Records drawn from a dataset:
· · · ·

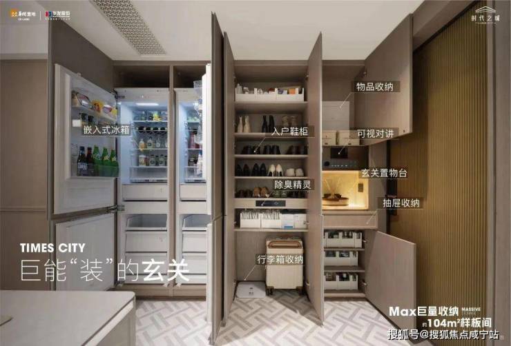 参考过往样板间,项目进门右手是一整盘玄关柜,含S墙在内的通顶柜体,可以收纳各类生活物品,鞋子、行李箱、杂物等做了很多分区。其中玄关置物台还是带奢石的,点缀其中。
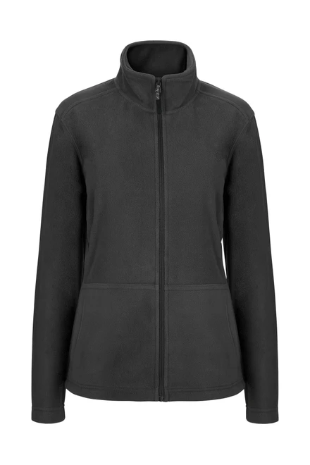 WOMEN'S polar fleece jacket. Polar Fleece. 100% polyester. 280 g/m². High collar. Soft polar fleece, comfortable and warm. Excellent results in lint resistance tests. Full reverse zip with plastic pull. Kangaroo pocket with fine binding. Reinforced herringbone inner tape around the neck. Slim fit.
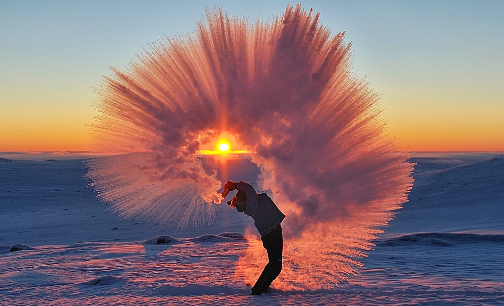 Фотографу з Онтаріо Майклу Девісу вдалося зробити приголомшливий кадр, коли його напарник виплеснув гарячий чай з термоса при температурі -40 градусів. При такій низькій температурі вода, а особливо дрібні бризки, замерзають миттєво, залишаючи за собою неймовірний крижаний шлейф. Фото було зроблено в 20 км від Північного полярного кола, де Девіс працює фотографом в дослідницькій компанії.
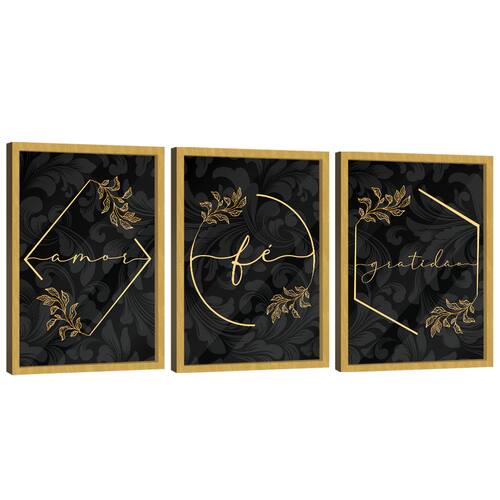 Quadro Decorativo Trio Gratidão, Fé e Amor Moldura Dourada e Vidro - 150x100cm -
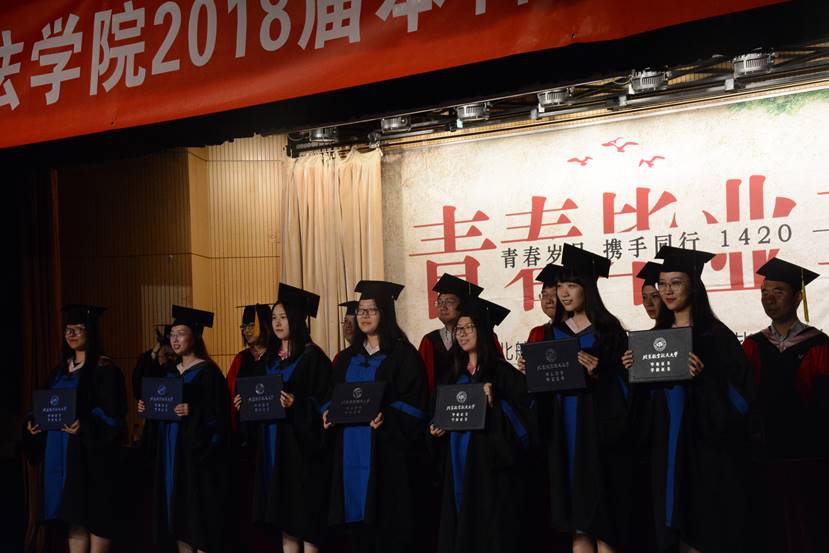 随后,威廉体育williamhill副经理初殿清老师庄严宣读2018届本科毕业生名单,与会领导老师们为每一位毕业生整理学士帽,拨动象征着毕业与成熟的流苏,颁授本科学位证书。看着即将毕业的本科生们,威廉体育williamhill经理龙卫球教授欣慰而激动地发表了致辞。龙卫球经理对18届本科生四年耕耘的成果表示了肯定,给予了毕业生们关于未来的嘱托:“面对充满不确定的社会,希望大家能够懂得坚守自己的初心与经营自己的人生。走出校园后,做事要‘实’,延续北航脚踏实地、知行合一的校风;做人要 ‘诚’,做到诚实、诚恳、稳重。作为北航学子,更要让自己达成理想、智慧、品味等多重境界,拥有开创法学事业、服务国家社会的担当。”龙经理也祝福各位毕业生能够带着威廉体育williamhill全体老师的希冀,向着信仰与梦想的方向一路远航。
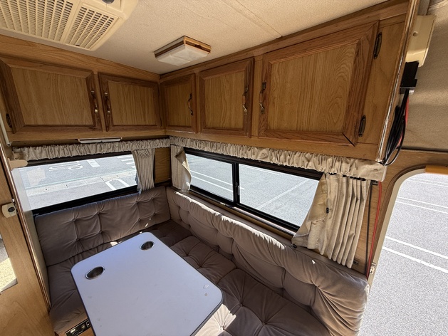 9、200Wソーラーパネル(新設)車両仕様( 全長…4,999mm 全幅…2,140mm 全高…2,81mm 全重…2,855kg 馬力…200馬力/4000rpm 駆動…AWD(4WD) 排気量…4,300cc シフト…4速コラムAT トルク…35.9kg/3600rpm エンジン…V6ボルテック ハンドル…左 エントランス…左(日本国内向け仕様) クルーズコントロール ABS Wエアバッグ パワーステアリング チルトステアリング 間欠ワイパー リアセンターブレーキランプ 回転式キャプテンシート(助手席のみ) ヒッチメンバー 装備 定員5名 就寝4名 バンクベット シンク 2口コンロ ルーフエアコン ベンチレーター オナンマイクロ発電機2.8kw L字型ダイネット&ベット 温水ボイラー トイレ/シャワー室 室内LED照明 3WAY冷蔵庫 FFヒーター(LP式) 清水タンク/86L 排水タンク/64L トイレタンク/26L ガソリンタンク/102L サブバッテリー(新品108A、2個) 走行充電 外部電源 200Wソーラーパネル サイドオーニング 車載式LPガスタンク(10キロ) ガス警報機 一酸化炭素警報機 収納棚&収納庫 昇圧トランジスタ バックカメラ ETC 車両説明書一式(英文)
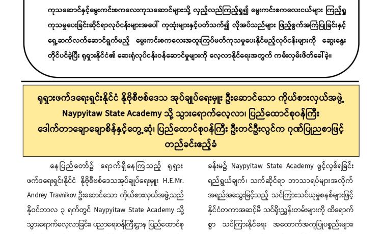 နောင်ချိုမြို့၊ အမှတ်(၁)အခြေခံပညာအထက်တန်းကျောင်း၌ ကျောင်းအပ်လက်ခံခြင်းနှင့် ယာယီဆေးရုံ၌ ကျန်းမာရေးစေ
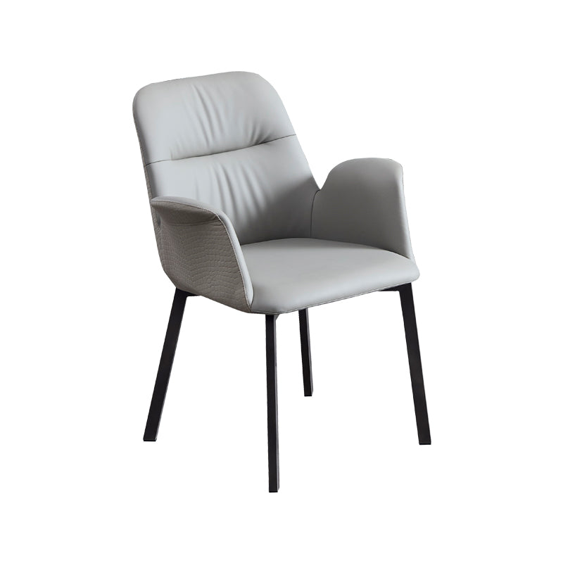 Adopting a patchwork technique of solid-colored leather and textured fabric, the light beige and dark gray dual color options are suitable for different styles. The semi-enclosed armrest and segmented backrest not only retain the simple outline but also enhance the sense of refinement through material contrast. The main body of the chair is made of fine and wear-resistant leather, and the texture areas add layers of touch. The high-elastic sponge filling ensures a soft sitting experience. The chair legs are slender and stable, taking into account both a light visual effect and practical load-bearing capacity. There are two types of under-frames to choose from, namely solid wood under-frames and carbon steel under-frames. It is suitable for modern light luxury and simple style living rooms and studies, and can also be used as high-quality seating in dining rooms. The combination of two chairs can add layers to the space and is a soft furnishing item that combines practicality and appearance.
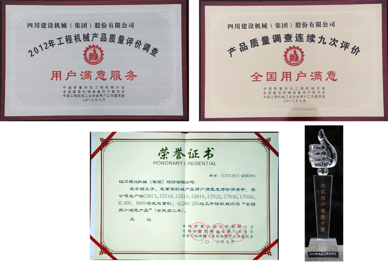 會(huì)議上,侯寶佳秘書(shū)長(zhǎng)公布了用戶(hù)滿(mǎn)意產(chǎn)品、滿(mǎn)意服務(wù)企業(yè)及塔機(jī)用戶(hù)滿(mǎn)意十強(qiáng)等評(píng)選名單,對(duì)到會(huì)的企業(yè)代表及個(gè)人進(jìn)行了現(xiàn)場(chǎng)表彰,并對(duì)連續(xù)三次以上獲得用戶(hù)滿(mǎn)意產(chǎn)品稱(chēng)號(hào)的企業(yè)進(jìn)行表彰。四川建設(shè)機(jī)械(集團(tuán))股份有限公司在2012年工程機(jī)械產(chǎn)品質(zhì)量評(píng)價(jià)調(diào)查中獲得“用戶(hù)滿(mǎn)意服務(wù)”,迄今為止已經(jīng)是(集團(tuán))公司產(chǎn)品“質(zhì)量調(diào)查連續(xù)九次評(píng)價(jià)全國(guó)用戶(hù)滿(mǎn)意”。公司生產(chǎn)的C5013、C5510、C5513、C6018、C7022、C7030、C7050、M900、M1500塔式起重機(jī)以及SC200/200施工升降機(jī)被評(píng)為“全國(guó)用戶(hù)滿(mǎn)意產(chǎn)品”。同時(shí),協(xié)會(huì)在用戶(hù)滿(mǎn)意產(chǎn)品的基礎(chǔ)上評(píng)選出2012年塔式起重機(jī)行業(yè)“全國(guó)塔機(jī)用戶(hù)滿(mǎn)意十強(qiáng)”企業(yè),包括四川建設(shè)機(jī)械(集團(tuán))股份有限公司、撫順永茂建筑機(jī)械有限公司、中聯(lián)重科股份有限公司、廣西建工集團(tuán)建筑機(jī)械制造有限責(zé)任公司、北京永茂建工機(jī)械制造有限公司、沈陽(yáng)三洋建筑機(jī)械有限公司、浙江省建設(shè)機(jī)械集團(tuán)有限公司、湖北江漢建筑工程機(jī)械有限公司、浙江虎霸建設(shè)機(jī)械有限公司、江蘇正興建設(shè)機(jī)械有限公司。
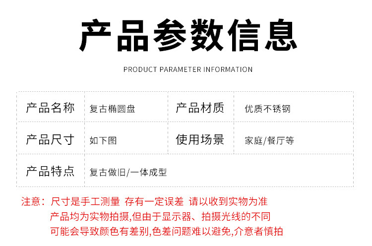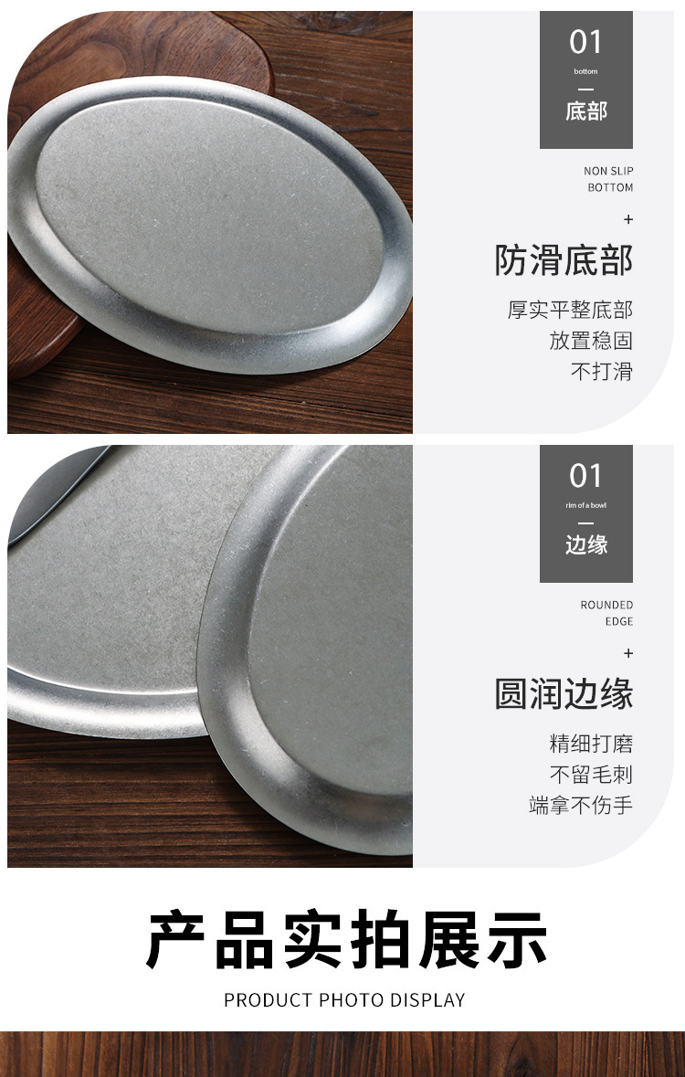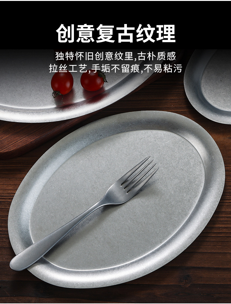 빈티지 304 스테인레스 스틸 타원형 디스크 오래 된 카페 트레이 바베큐 플레이트 뜨거운 냄비 접시 과일 플레이트 타월 플레이트
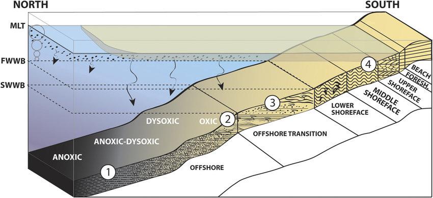 Beach Seaward dipping clinoforms Skolithos; crab burrows
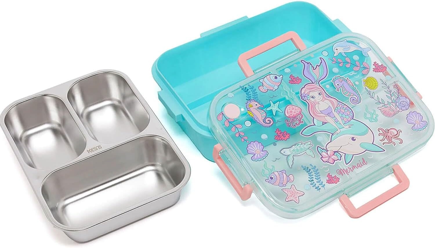 ظرف غذای استیل سهخانه ضدنشت با درب - طرح پری دریایی-وست VEST

· · · ·

• What this task involves: Where a picture appears in the data, omit it; restate the rest word for word.

• Answer to the exercise:
 参考过往样板间,项目进门右手是一整盘玄关柜,含S墙在内的通顶柜体,可以收纳各类生活物品,鞋子、行李箱、杂物等做了很多分区。其中玄关置物台还是带奢石的,点缀其中。
 WOMEN'S polar fleece jacket. Polar Fleece. 100% polyester. 280 g/m². High collar. Soft polar fleece, comfortable and warm. Excellent results in lint resistance tests. Full reverse zip with plastic pull. Kangaroo pocket with fine binding. Reinforced herringbone inner tape around the neck. Slim fit.
 Фотографу з Онтаріо Майклу Девісу вдалося зробити приголомшливий кадр, коли його напарник виплеснув гарячий чай з термоса при температурі -40 градусів. При такій низькій температурі вода, а особливо дрібні бризки, замерзають миттєво, залишаючи за собою неймовірний крижаний шлейф. Фото було зроблено в 20 км від Північного полярного кола, де Девіс працює фотографом в дослідницькій компанії.
 Quadro Decorativo Trio Gratidão, Fé e Amor Moldura Dourada e Vidro - 150x100cm -
 随后,威廉体育williamhill副经理初殿清老师庄严宣读2018届本科毕业生名单,与会领导老师们为每一位毕业生整理学士帽,拨动象征着毕业与成熟的流苏,颁授本科学位证书。看着即将毕业的本科生们,威廉体育williamhill经理龙卫球教授欣慰而激动地发表了致辞。龙卫球经理对18届本科生四年耕耘的成果表示了肯定,给予了毕业生们关于未来的嘱托:“面对充满不确定的社会,希望大家能够懂得坚守自己的初心与经营自己的人生。走出校园后,做事要‘实’,延续北航脚踏实地、知行合一的校风;做人要 ‘诚’,做到诚实、诚恳、稳重。作为北航学子,更要让自己达成理想、智慧、品味等多重境界,拥有开创法学事业、服务国家社会的担当。”龙经理也祝福各位毕业生能够带着威廉体育williamhill全体老师的希冀,向着信仰与梦想的方向一路远航。
 9、200Wソーラーパネル(新設)車両仕様( 全長…4,999mm 全幅…2,140mm 全高…2,81mm 全重…2,855kg 馬力…200馬力/4000rpm 駆動…AWD(4WD) 排気量…4,300cc シフト…4速コラムAT トルク…35.9kg/3600rpm エンジン…V6ボルテック ハンドル…左 エントランス…左(日本国内向け仕様) クルーズコントロール ABS Wエアバッグ パワーステアリング チルトステアリング 間欠ワイパー リアセンターブレーキランプ 回転式キャプテンシート(助手席のみ) ヒッチメンバー 装備 定員5名 就寝4名 バンクベット シンク 2口コンロ ルーフエアコン ベンチレーター オナンマイクロ発電機2.8kw L字型ダイネット&ベット 温水ボイラー トイレ/シャワー室 室内LED照明 3WAY冷蔵庫 FFヒーター(LP式) 清水タンク/86L 排水タンク/64L トイレタンク/26L ガソリンタンク/102L サブバッテリー(新品108A、2個) 走行充電 外部電源 200Wソーラーパネル サイドオーニング 車載式LPガスタンク(10キロ) ガス警報機 一酸化炭素警報機 収納棚&収納庫 昇圧トランジスタ バックカメラ ETC 車両説明書一式(英文)
 နောင်ချိုမြို့၊ အမှတ်(၁)အခြေခံပညာအထက်တန်းကျောင်း၌ ကျောင်းအပ်လက်ခံခြင်းနှင့် ယာယီဆေးရုံ၌ ကျန်းမာရေးစေ
 Adopting a patchwork technique of solid-colored leather and textured fabric, the light beige and dark gray dual color options are suitable for different styles. The semi-enclosed armrest and segmented backrest not only retain the simple outline but also enhance the sense of refinement through material contrast. The main body of the chair is made of fine and wear-resistant leather, and the texture areas add layers of touch. The high-elastic sponge filling ensures a soft sitting experience. The chair legs are slender and stable, taking into account both a light visual effect and practical load-bearing capacity. There are two types of under-frames to choose from, namely solid wood under-frames and carbon steel under-frames. It is suitable for modern light luxury and simple style living rooms and studies, and can also be used as high-quality seating in dining rooms. The combination of two chairs can add layers to the space and is a soft furnishing item that combines practicality and appearance.
 會(huì)議上,侯寶佳秘書(shū)長(zhǎng)公布了用戶(hù)滿(mǎn)意產(chǎn)品、滿(mǎn)意服務(wù)企業(yè)及塔機(jī)用戶(hù)滿(mǎn)意十強(qiáng)等評(píng)選名單,對(duì)到會(huì)的企業(yè)代表及個(gè)人進(jìn)行了現(xiàn)場(chǎng)表彰,并對(duì)連續(xù)三次以上獲得用戶(hù)滿(mǎn)意產(chǎn)品稱(chēng)號(hào)的企業(yè)進(jìn)行表彰。四川建設(shè)機(jī)械(集團(tuán))股份有限公司在2012年工程機(jī)械產(chǎn)品質(zhì)量評(píng)價(jià)調(diào)查中獲得“用戶(hù)滿(mǎn)意服務(wù)”,迄今為止已經(jīng)是(集團(tuán))公司產(chǎn)品“質(zhì)量調(diào)查連續(xù)九次評(píng)價(jià)全國(guó)用戶(hù)滿(mǎn)意”。公司生產(chǎn)的C5013、C5510、C5513、C6018、C7022、C7030、C7050、M900、M1500塔式起重機(jī)以及SC200/200施工升降機(jī)被評(píng)為“全國(guó)用戶(hù)滿(mǎn)意產(chǎn)品”。同時(shí),協(xié)會(huì)在用戶(hù)滿(mǎn)意產(chǎn)品的基礎(chǔ)上評(píng)選出2012年塔式起重機(jī)行業(yè)“全國(guó)塔機(jī)用戶(hù)滿(mǎn)意十強(qiáng)”企業(yè),包括四川建設(shè)機(jī)械(集團(tuán))股份有限公司、撫順永茂建筑機(jī)械有限公司、中聯(lián)重科股份有限公司、廣西建工集團(tuán)建筑機(jī)械制造有限責(zé)任公司、北京永茂建工機(jī)械制造有限公司、沈陽(yáng)三洋建筑機(jī)械有限公司、浙江省建設(shè)機(jī)械集團(tuán)有限公司、湖北江漢建筑工程機(jī)械有限公司、浙江虎霸建設(shè)機(jī)械有限公司、江蘇正興建設(shè)機(jī)械有限公司。
 빈티지 304 스테인레스 스틸 타원형 디스크 오래 된 카페 트레이 바베큐 플레이트 뜨거운 냄비 접시 과일 플레이트 타월 플레이트
 Beach Seaward dipping clinoforms Skolithos; crab burrows
 ظرف غذای استیل سهخانه ضدنشت با درب - طرح پری دریایی-وست VEST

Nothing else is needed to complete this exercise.